Every Historical Novel Society North America conference includes a panel of agents and editors discussing the state of publishing and historical fiction. HNSNA 2023 was no exception. Here’s some of what they said.

Introductory thoughts:

  • if you haven’t seen a novel from a particular era or topic, ask why. Is this an unexplored area of history and therefore an opportunity? Or is it an obscure area of historical fiction that’s unlikely to attract readers?
  • enduring popularity, for example Tudor England, are …. wait for it … enduring!
  • agents and editors are looking for fresh approaches that bring passion to an era or topic
  • some publishers are reluctant to go back too far in history … for example, prior to 19th century
  • chasing trends is a bad idea for authors
  • editors are fickle! [I had to laugh at this one!]
  • write what you want to write and write it well … this bit of advice is always given at these panels
  • a publisher from England, said that they don’t chase trends; for them, military fiction is big; in addition, contemporary relevance is important when considering a novel, with themes that resonate for modern readers
  • given what we’ve been through and continue to go through, many editors are looking for joyful novels not dark ones

What about WWII?

  • some publishers are saying that they want to ease up on WWII
  • which means that novels set in WWII have to seriously standout in some way
  • so much WWII creates fatigue with editors and publishers

Shifts in publishing and what it means for authors

  • fewer people to work on more and more books
  • authors and agents are to some extent picking up the workload
  • fewer marketing dollars means that authors need to build relationships, cross market their books, build author groups
  • your book has to be closer to ‘ready to go’ than in the past, and your agent needs to be convinced of that too
  • writing groups and critique groups are effective ways to get your book ‘ready to go’
  • smaller presses may have more time to help launch an author
  • the marketing you’ve done and the platform you’ve established are a factor in taking on an author

Response time to requests for partial or full MS

  • agents are so overworked, things fall through the cracks
  • variety of work taken on by agents and amount of work have increased exponentially
  • most agents and editors don’t have any time to give feedback when they decline a novel
  • most agents and editors are overwhelmed with work, feel like they’re doing the job of 5 people
  • agents have narrowed their interests

Cultural Appropriation

  • sensitivity is crucial – extensively research the experience you’re writing about
  • get the right readers to proof your work
  • be clear on why you are the right person to write this particular story
  • can a publisher get you on media appearances (radio, TV, articles) as the author of this particular book
  • and yet, isn’t all writing about putting yourself in the shoes of someone else?

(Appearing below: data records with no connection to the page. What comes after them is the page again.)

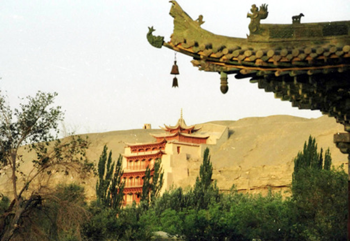 從20世紀70年代末開始,大量先進科技不斷被引入敦煌石窟保護。新技術、新材料、新手段的不斷運用,豐富了敦煌遺產的保護技術和保護手段,有效改變了石窟內部及其環(huán)境的保護狀況,使敦煌遺產的保護工作從原來的搶救性保護,過渡到了科學保護階段。圖為透過敦煌莫高窟前的牌樓一角望去,敦煌莫高窟標志性建筑九層樓依舊雄偉壯觀。新華社記者梁強攝(2004年10月25日發(fā))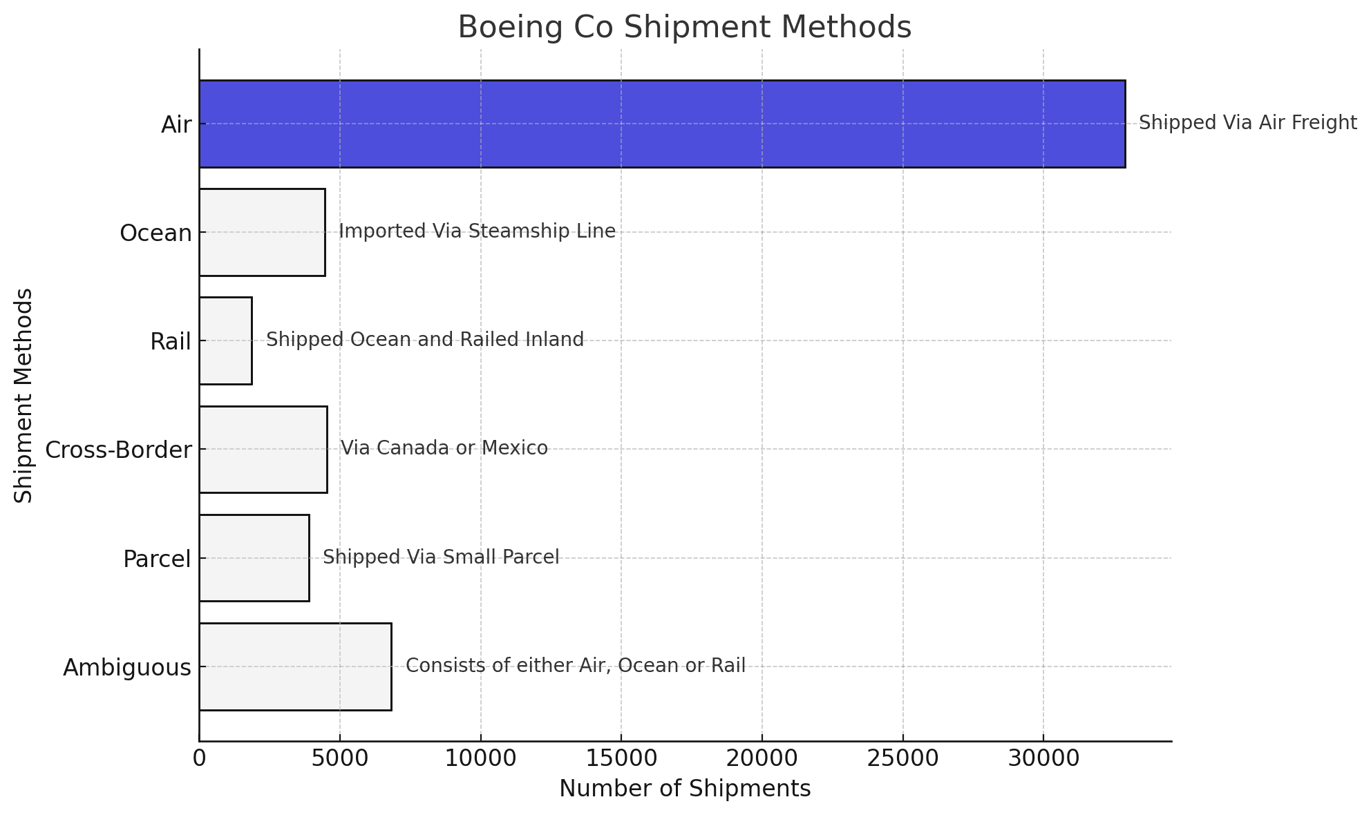 Boeing Co shipment data consists of 8% ocean, 3% rail, 60% air, 8% cross-border, among other modes.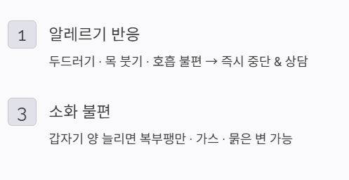 두드러기, 가려움, 입술·목 붓기, 호흡 불편 등이 있었다면 즉시 중단하고 상담이 필요해요.

Why do agent-author relationships break down?

  • when authors aren’t listening to feedback and advice
  • when authors go in a different direction than the agent works with
  • when authors express anger toward staff or assistants
  • you are entitled to information about your novel and where it’s at – yet you still need to ask for such information with courtesy
  • transparency of communication is important
  • as an example, an author brought her husband, who was a lawyer, onto a Zoom call with her agent; Agent severed the relationship
  • agents have preferences, authors should respect this

What about prologues?

  • some sense that using prologues is not a good idea
  • if you’re worried about it for your query, take it out, you can always put it back in
  • readers these days have no patience and a prologue can be seen as slowing things down or as a delay to the main story; readers want to know the stakes right away

Debut authors

  • agents and editors can get excited about a debut author – represents something new and fresh
  • agents and editors will want to hear what other ideas you have beyond your debut novel
  • a social media presence isn’t essential when first taken on, but it is once you’re accepted
  • you should be looking to build a brand, so don’t jump around too much in terms of your novels

As always, I hope these conference notes are useful. You can read an earlier publishing industry perspective from 2019 – The State of Historical Fiction.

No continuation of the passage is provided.